* ACTIVITY: The answer must consist solely of the lines from the start of the records through the line containing "毎月の化粧品代、家計の重い負", restated word for word, with no pictures.

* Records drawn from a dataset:
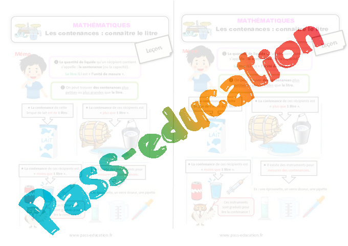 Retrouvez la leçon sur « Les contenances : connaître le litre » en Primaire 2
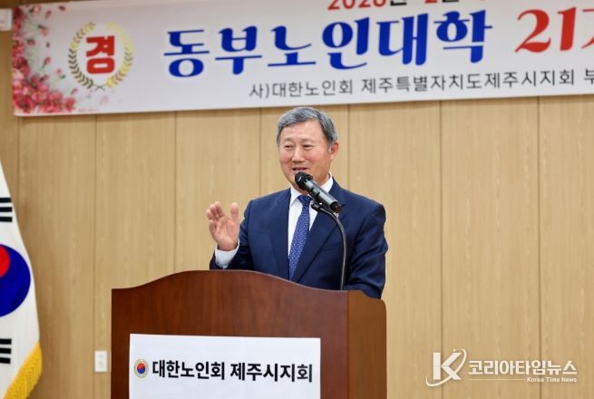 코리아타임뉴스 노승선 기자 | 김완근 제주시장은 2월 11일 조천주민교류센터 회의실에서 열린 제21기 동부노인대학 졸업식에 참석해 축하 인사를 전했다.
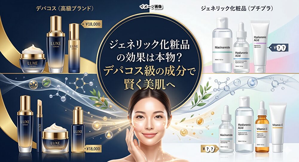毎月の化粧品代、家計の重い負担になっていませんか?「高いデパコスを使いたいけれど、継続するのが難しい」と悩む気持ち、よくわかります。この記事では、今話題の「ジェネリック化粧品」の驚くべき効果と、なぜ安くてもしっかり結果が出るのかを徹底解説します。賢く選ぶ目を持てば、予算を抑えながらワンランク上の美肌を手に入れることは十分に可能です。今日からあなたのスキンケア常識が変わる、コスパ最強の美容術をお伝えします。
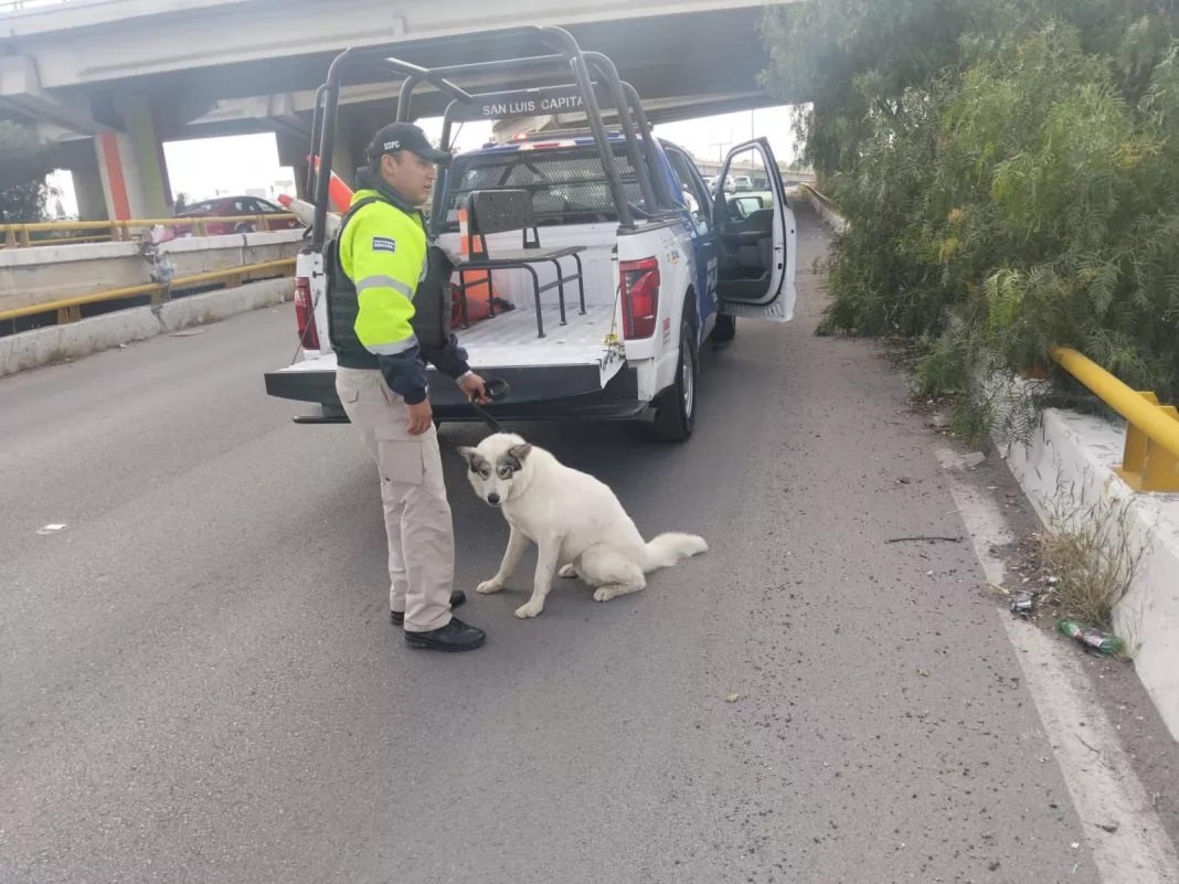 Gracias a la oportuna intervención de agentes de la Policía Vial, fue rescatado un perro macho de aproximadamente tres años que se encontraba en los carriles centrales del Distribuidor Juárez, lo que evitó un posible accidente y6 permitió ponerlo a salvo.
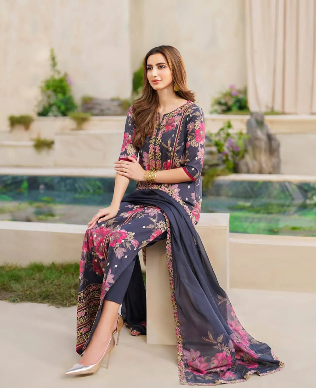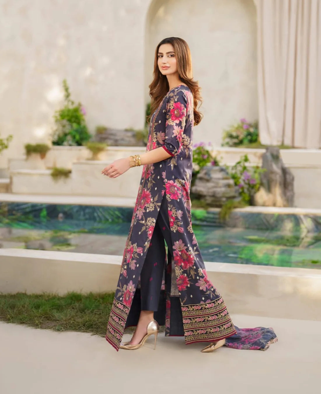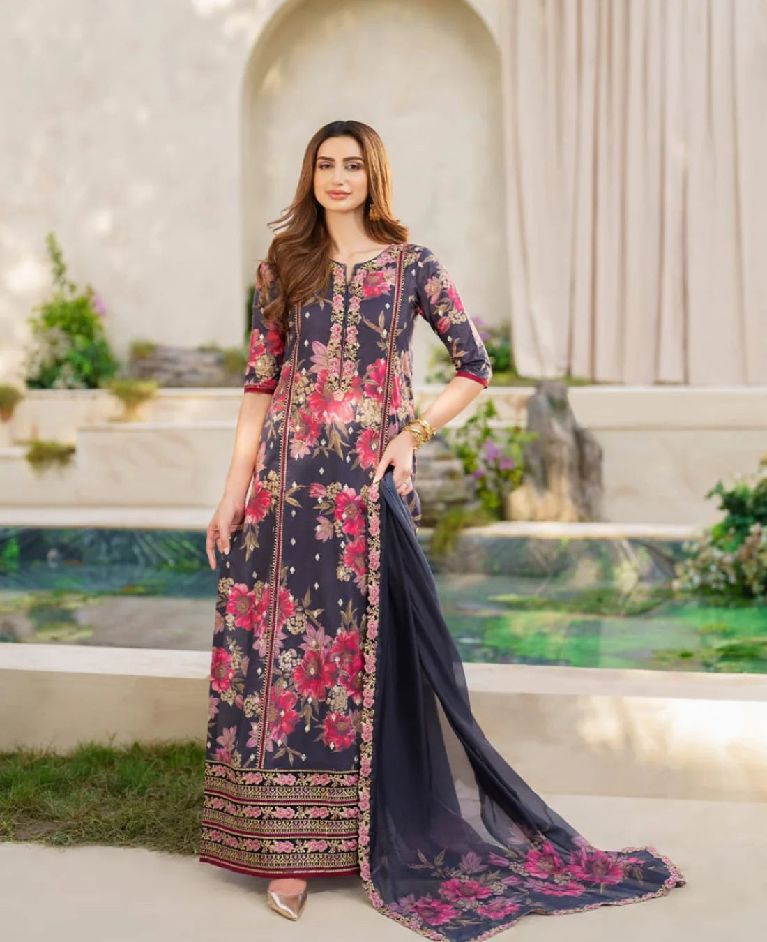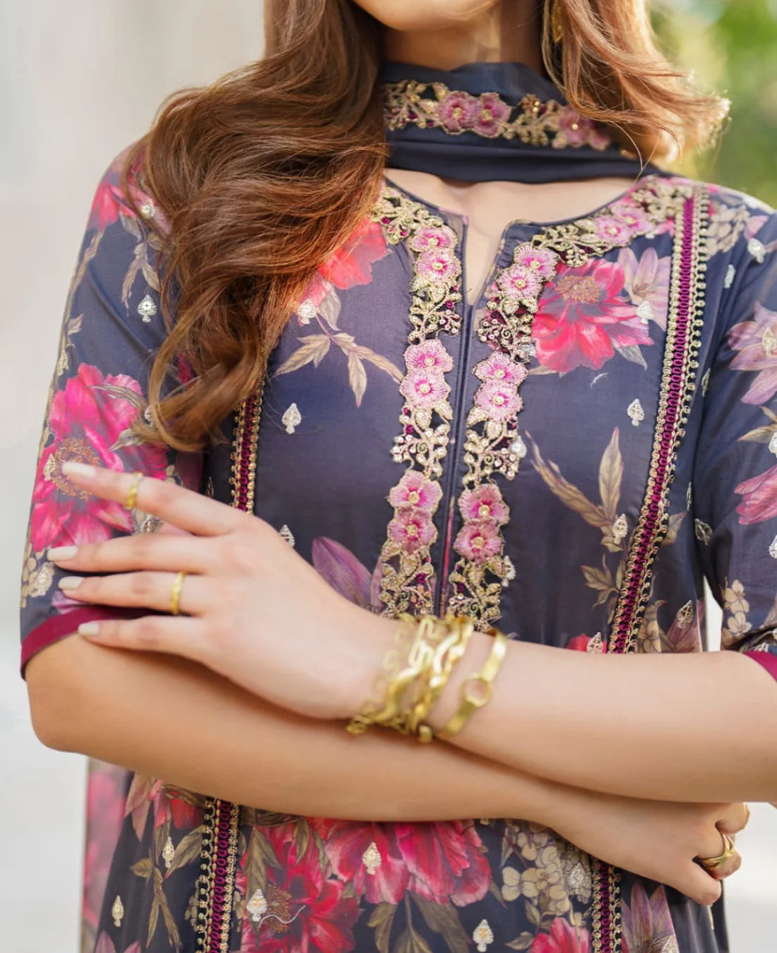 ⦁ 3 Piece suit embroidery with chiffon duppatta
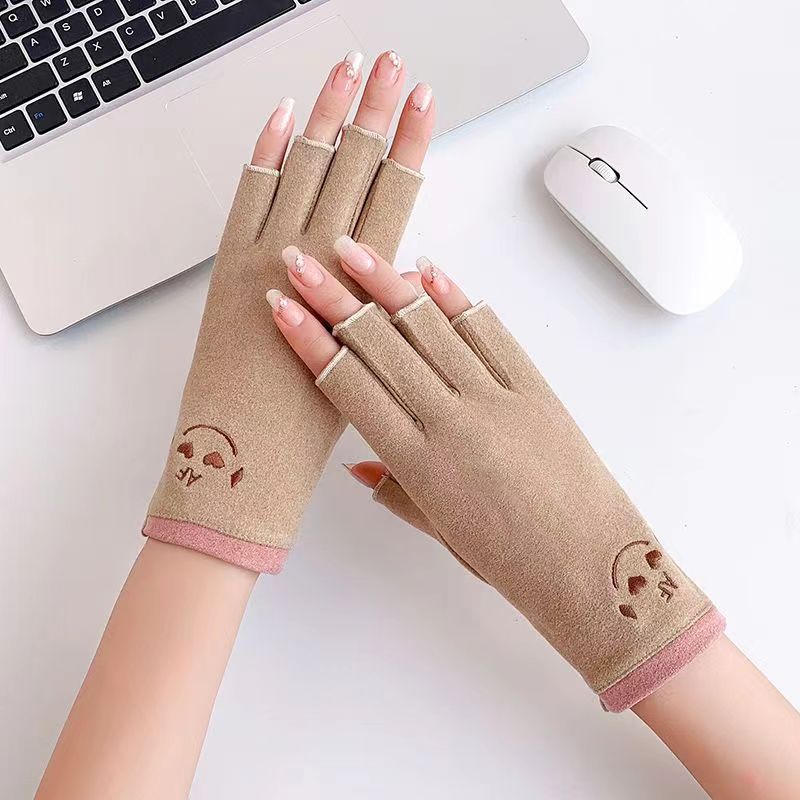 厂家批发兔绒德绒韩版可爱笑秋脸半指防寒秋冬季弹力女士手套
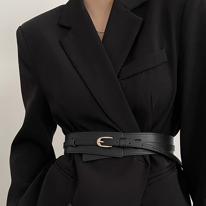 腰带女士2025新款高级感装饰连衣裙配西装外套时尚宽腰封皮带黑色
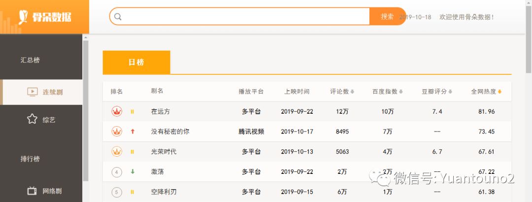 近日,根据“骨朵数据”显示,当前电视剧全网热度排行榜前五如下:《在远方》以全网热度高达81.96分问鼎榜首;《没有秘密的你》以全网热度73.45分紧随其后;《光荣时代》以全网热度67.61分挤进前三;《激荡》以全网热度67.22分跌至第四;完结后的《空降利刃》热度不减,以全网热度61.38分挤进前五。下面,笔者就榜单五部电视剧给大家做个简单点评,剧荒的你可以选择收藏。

* TASK OUTPUT:
 Retrouvez la leçon sur « Les contenances : connaître le litre » en Primaire 2
 코리아타임뉴스 노승선 기자 | 김완근 제주시장은 2월 11일 조천주민교류센터 회의실에서 열린 제21기 동부노인대학 졸업식에 참석해 축하 인사를 전했다.
毎月の化粧品代、家計の重い負担になっていませんか?「高いデパコスを使いたいけれど、継続するのが難しい」と悩む気持ち、よくわかります。この記事では、今話題の「ジェネリック化粧品」の驚くべき効果と、なぜ安くてもしっかり結果が出るのかを徹底解説します。賢く選ぶ目を持てば、予算を抑えながらワンランク上の美肌を手に入れることは十分に可能です。今日からあなたのスキンケア常識が変わる、コスパ最強の美容術をお伝えします。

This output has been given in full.